**RECORDED DATA:**
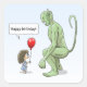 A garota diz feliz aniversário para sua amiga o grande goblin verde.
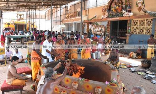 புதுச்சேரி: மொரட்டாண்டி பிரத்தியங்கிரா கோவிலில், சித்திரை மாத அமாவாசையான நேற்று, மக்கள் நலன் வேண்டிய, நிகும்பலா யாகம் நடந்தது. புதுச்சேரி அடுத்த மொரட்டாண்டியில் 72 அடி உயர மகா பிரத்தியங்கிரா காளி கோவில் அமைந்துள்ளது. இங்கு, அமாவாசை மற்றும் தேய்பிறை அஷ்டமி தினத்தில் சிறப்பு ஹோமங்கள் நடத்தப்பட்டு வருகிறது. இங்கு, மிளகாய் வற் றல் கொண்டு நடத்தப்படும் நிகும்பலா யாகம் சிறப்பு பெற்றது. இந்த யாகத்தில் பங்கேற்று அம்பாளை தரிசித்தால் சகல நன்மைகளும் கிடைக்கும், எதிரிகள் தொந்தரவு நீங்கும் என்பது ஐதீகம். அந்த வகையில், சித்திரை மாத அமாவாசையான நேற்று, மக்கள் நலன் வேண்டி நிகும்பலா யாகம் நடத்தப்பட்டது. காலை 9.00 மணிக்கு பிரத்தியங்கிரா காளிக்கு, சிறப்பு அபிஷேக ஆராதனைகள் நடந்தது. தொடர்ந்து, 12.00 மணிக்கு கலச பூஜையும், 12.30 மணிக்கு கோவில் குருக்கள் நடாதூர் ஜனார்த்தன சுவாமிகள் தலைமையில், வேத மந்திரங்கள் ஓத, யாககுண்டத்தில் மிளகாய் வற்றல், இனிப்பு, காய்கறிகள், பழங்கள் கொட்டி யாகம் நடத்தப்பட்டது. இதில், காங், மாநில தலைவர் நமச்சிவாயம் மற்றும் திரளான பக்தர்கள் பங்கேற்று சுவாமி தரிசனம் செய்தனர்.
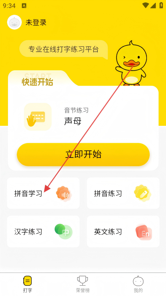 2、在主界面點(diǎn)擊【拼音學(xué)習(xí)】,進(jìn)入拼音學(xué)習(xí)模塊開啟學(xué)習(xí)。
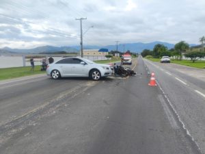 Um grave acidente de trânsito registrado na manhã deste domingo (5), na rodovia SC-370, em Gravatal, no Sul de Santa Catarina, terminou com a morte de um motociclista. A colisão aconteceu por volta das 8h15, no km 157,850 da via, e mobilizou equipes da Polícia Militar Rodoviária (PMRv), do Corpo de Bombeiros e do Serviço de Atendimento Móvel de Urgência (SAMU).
--
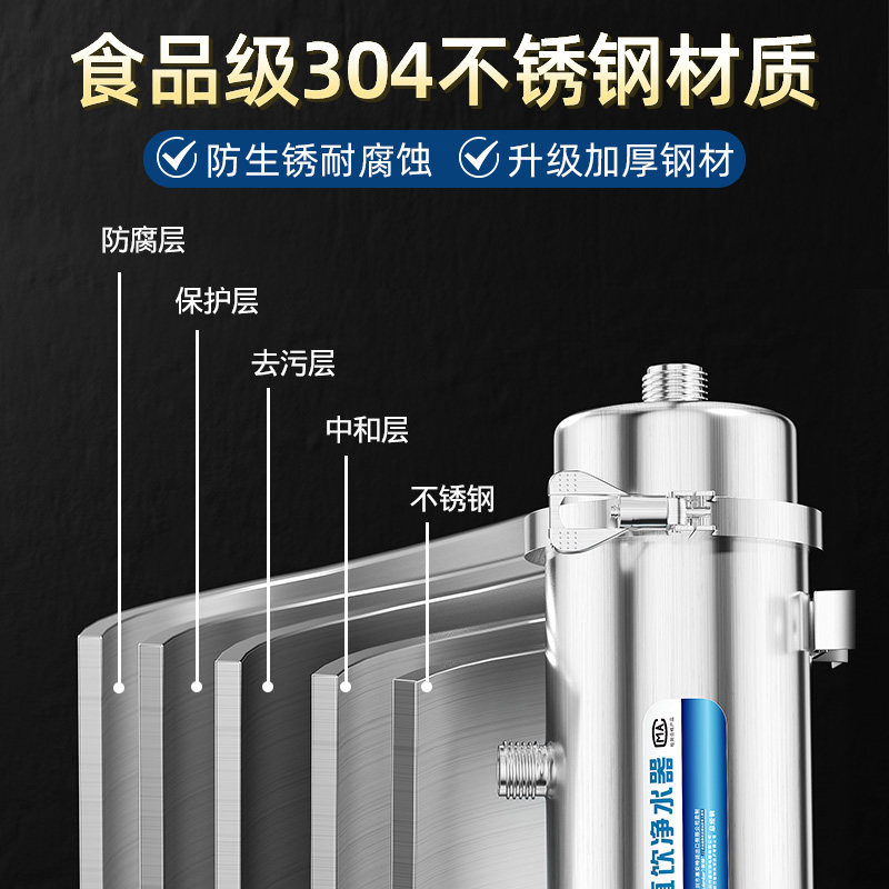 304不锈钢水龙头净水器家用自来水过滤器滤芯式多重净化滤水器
---
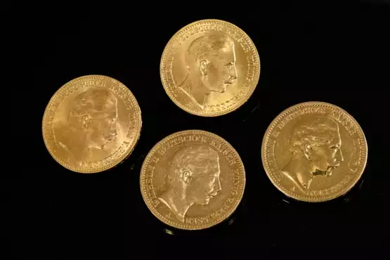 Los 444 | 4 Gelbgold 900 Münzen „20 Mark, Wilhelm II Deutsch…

**YOUR TASK:**
From the records above, extract the lines from the one holding "A garota diz" through the one holding "Um grave acidente", word for word; omit the pictures.

**REPLY:**
 A garota diz feliz aniversário para sua amiga o grande goblin verde.
 புதுச்சேரி: மொரட்டாண்டி பிரத்தியங்கிரா கோவிலில், சித்திரை மாத அமாவாசையான நேற்று, மக்கள் நலன் வேண்டிய, நிகும்பலா யாகம் நடந்தது. புதுச்சேரி அடுத்த மொரட்டாண்டியில் 72 அடி உயர மகா பிரத்தியங்கிரா காளி கோவில் அமைந்துள்ளது. இங்கு, அமாவாசை மற்றும் தேய்பிறை அஷ்டமி தினத்தில் சிறப்பு ஹோமங்கள் நடத்தப்பட்டு வருகிறது. இங்கு, மிளகாய் வற் றல் கொண்டு நடத்தப்படும் நிகும்பலா யாகம் சிறப்பு பெற்றது. இந்த யாகத்தில் பங்கேற்று அம்பாளை தரிசித்தால் சகல நன்மைகளும் கிடைக்கும், எதிரிகள் தொந்தரவு நீங்கும் என்பது ஐதீகம். அந்த வகையில், சித்திரை மாத அமாவாசையான நேற்று, மக்கள் நலன் வேண்டி நிகும்பலா யாகம் நடத்தப்பட்டது. காலை 9.00 மணிக்கு பிரத்தியங்கிரா காளிக்கு, சிறப்பு அபிஷேக ஆராதனைகள் நடந்தது. தொடர்ந்து, 12.00 மணிக்கு கலச பூஜையும், 12.30 மணிக்கு கோவில் குருக்கள் நடாதூர் ஜனார்த்தன சுவாமிகள் தலைமையில், வேத மந்திரங்கள் ஓத, யாககுண்டத்தில் மிளகாய் வற்றல், இனிப்பு, காய்கறிகள், பழங்கள் கொட்டி யாகம் நடத்தப்பட்டது. இதில், காங், மாநில தலைவர் நமச்சிவாயம் மற்றும் திரளான பக்தர்கள் பங்கேற்று சுவாமி தரிசனம் செய்தனர்.
 2、在主界面點(diǎn)擊【拼音學(xué)習(xí)】,進(jìn)入拼音學(xué)習(xí)模塊開啟學(xué)習(xí)。
 Um grave acidente de trânsito registrado na manhã deste domingo (5), na rodovia SC-370, em Gravatal, no Sul de Santa Catarina, terminou com a morte de um motociclista. A colisão aconteceu por volta das 8h15, no km 157,850 da via, e mobilizou equipes da Polícia Militar Rodoviária (PMRv), do Corpo de Bombeiros e do Serviço de Atendimento Móvel de Urgência (SAMU).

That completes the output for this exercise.